How far along: 39 weeks (8/16/13)
Fruit: Watermelon
Symptoms: Nothing new. Heartburn and not the best sleep most nights.
Weight Gain: It's so funny. I'll gain 2lb one week and none the next. I think right now I'm right at 30lb.
Food cravings/aversions: None this entire pregnancy. I wish I would've gotten some random craving and sent Jason to the store at 2am, but alas, nothing.
Movement: I actually got worried for a day or two there because his movement decreased significantly, but it's back to normal now.
Labor signs: Had a few contractions the other night, but they weren't intense and they went away when I got up.

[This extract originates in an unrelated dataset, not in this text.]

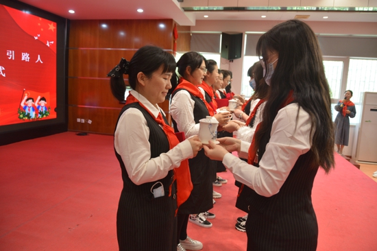 要想快速成長(zhǎng),榜樣引領(lǐng)、示范指導(dǎo)不可或缺。為了發(fā)揮優(yōu)秀輔導(dǎo)員的輻射作用,讓少先隊(duì)之花開(kāi)得更加燦爛,學(xué)校特別聘請(qǐng)肖利曉等6名少先隊(duì)中隊(duì)輔導(dǎo)員為“青年少先隊(duì)輔導(dǎo)員成長(zhǎng)營(yíng)”特聘導(dǎo)師,作為師傅,引領(lǐng)徒弟開(kāi)展各項(xiàng)少先隊(duì)工作。少工委副主任李慶欣為她們頒發(fā)聘書(shū),接過(guò)聘書(shū),師傅代表肖利曉說(shuō)到:“我手上拿著的可不只是一紙書(shū)文,更多的是沉甸甸的擔(dān)當(dāng)與責(zé)任,我們作為師傅將盡心盡力,幫助青年少先隊(duì)輔導(dǎo)員快速成長(zhǎng)”。在“牽手共成長(zhǎng)當(dāng)好引路人”師徒結(jié)對(duì)環(huán)節(jié),六位師傅接過(guò)徒弟獻(xiàn)上的茶水,高興和欣喜洋溢在臉上,眼神中充滿(mǎn)期待。這不僅是杯茶,更是徒弟虛心求教、潛心學(xué)習(xí)的一種信念。范甜甜作為青年少先隊(duì)輔導(dǎo)員代表,莊嚴(yán)承諾,在之后各期成長(zhǎng)營(yíng)活動(dòng)中,將嚴(yán)格要求自己,以學(xué)習(xí)促提升,以交流促成長(zhǎng),和師傅、同伴一起共謀少先隊(duì)發(fā)展,共劃少先隊(duì)活動(dòng),共育祖國(guó)未來(lái)。

Nursery status: Done! Whew!!
Rings On/Off: Band on my pinky.
Doctor appointments: Last Tuesday I was 1cm and 60-70% effaced. It wasn't much of a change from the week before. I'm also GBS negative so that is awwwwesome!
Most memorable moment: Definitely having both sets of parents in our home today. It'll be the last time until we see them all at the hospital when Levi is here. The last time to see them before we become parents too. ::sings "The Circle of Life"::
Most anxious moment: Those couple days when I wasn't feeling him move as much. I even whipped out the doppler, which I have done in months probably.
Things purchased for baby: Got a few last-minute items. Bought my K'Tan and I'm sooo excited to use it. I even tried it out on Kitkat. She wasn't quite as excited.
Milestones: I think every day is a milestone now. :)
Next appointment: Dr. T on Wednesday.
Looking forward to: I guess the only thing left is birth. That's kind of a big deal, yeh?